You laid down a gauntlet, ‘there is no free will,’ arguing the point based on an either/or premise. ”Either we live in a deterministic cosmos…or randomness (of the quantum type) is fundamental…”
I disputed the ‘either/or’ by providing a third possibility, that there is no objective reality, in which case there may still be free will.
But, that aside, your arguments against the possibility that there is no objective reality hold no water.
I’ll take them step by step:
“You are making a big assumption about reality.”

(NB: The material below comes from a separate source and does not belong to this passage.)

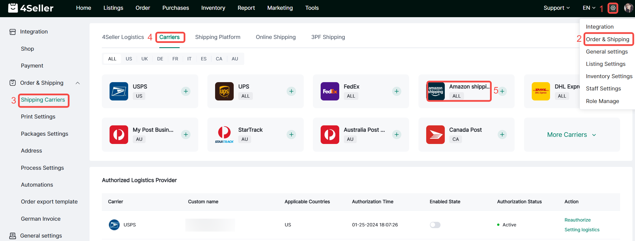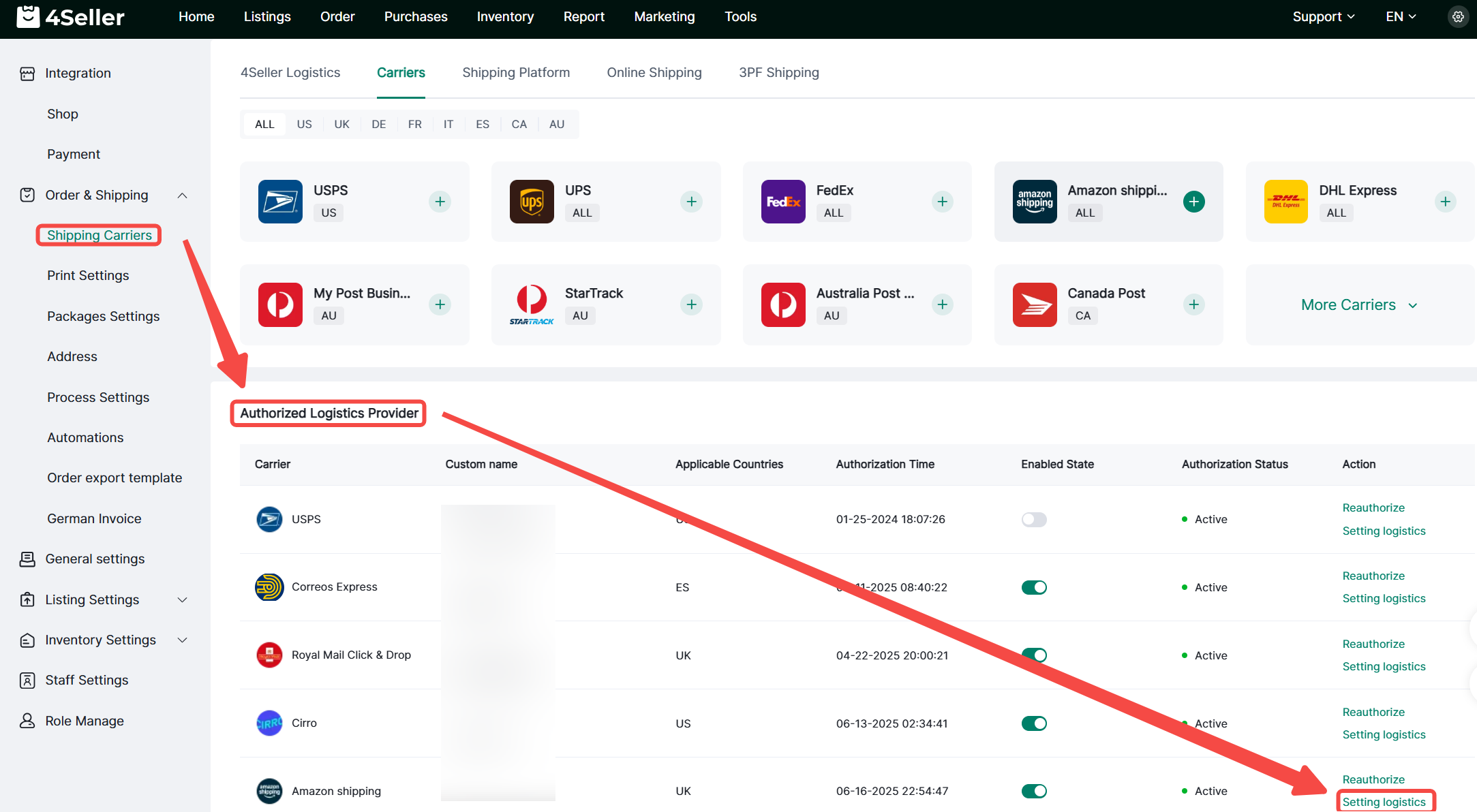 1、 Setting-Order & Shipping-Shipping Carriers-Carriers-Click the “+” sign.

I make no assumption. I’m pointing out the simple observation that all experience (at least in my experience!) takes place NOW, and thus (at least from my perspective!) any assertion that reality exists independently of experience, NOW, must be an assumption.
“How do you explain that while I’m asleep others are paying attention?”
How do you know others are paying attention when you’re asleep? Isn’t that your assumption? Do I have to explain your assumption?
“And how do you explain machine-gathered records of the past, like movies or photographs?”
To experience any records is to experience them NOW. You may remember looking at them yesterday, but that’s a memory, and memory can only be accessed, NOW.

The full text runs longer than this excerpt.